No shoulders [MENTION=10068]bull[/MENTION];dog ?
We both have something in common then don't we
Day 1 Deadlift plus accessory lifts
Day 2 Bench plus accessory lifts
Repeat.
1.Squat
pull
push
2. leg-press
leg curl
pull
push
curl
3. Dead
pull
push
farmers
4. once a month 3x3 circuit
+ farmers
I didn't take you for one to use the word 'accessory'
I am shattered
Quickest way to explain it that people understand.
Fuck me, I still don't understand it
Currently doing push/pull/legs four days a week
Day 1 - Legs
Rest
Day 2 - Push
Day 3 - Pull
Rest
Day 4 - Repeat
Day 1 - 5 x 5
Day 2 - accessory work
Day 3 - 5 x 5
Day 4 - accessory work
Day 5 - 5 x 5
Day 6 - accessory work
+ Some for of cardio after every session - sprints/rower/walk/run/boxing
Day 7 will prob include a walk.
With the 5x5 stuff mate, is that full body? Or squat, dead, bench 5x5 on separate days?

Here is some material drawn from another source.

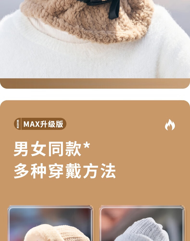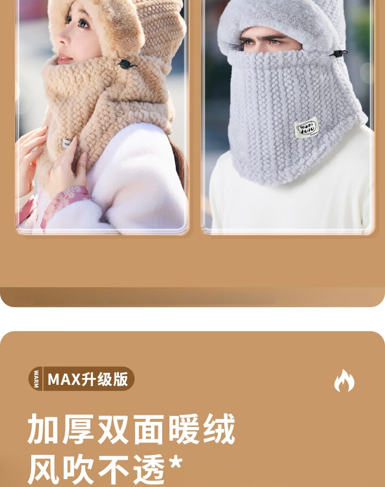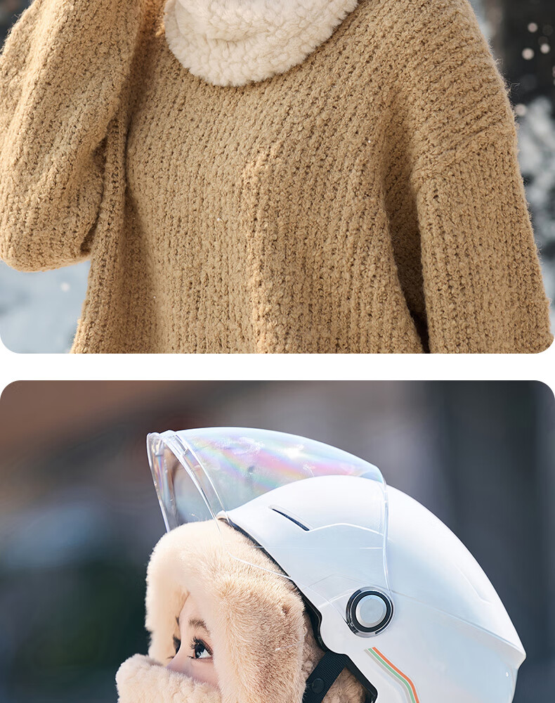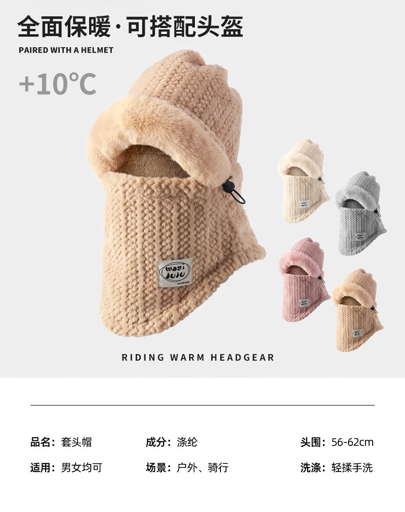 Memaru winter cold-proof hat scarf all-in-one mask for women autumn and winter hat cycling warm windproof scarf mother electric car 1# beige

Current split for me is what has worked the best and I always go back to it....Reps are always different each week mainly using prilepins table as a base for volume and intensity.
Day 1: Upper ( BB Bench, Pendlay rows, DB bench, BW heaves, bis and tris )
Day 2: Rest
Day 3: Lower ( Power cleans, Deads heavy, front squats, GHR, DB Rows, Ab rollouts )
Day 4: Rest
Day 5: Upper ( OHP, Weighted heaves, DB bench, Mixed grip BW chins, bis and tris )
Day 6: Lower ( Power cleans, Squats, Deads light, GHR, Farmers walks, Hanging leg raises )
Day 7: Rest
Seems to be working well even eating at maintenance or ever so slightly above, gaining strength monthly and BW is staying fairly solid at 86-87kg.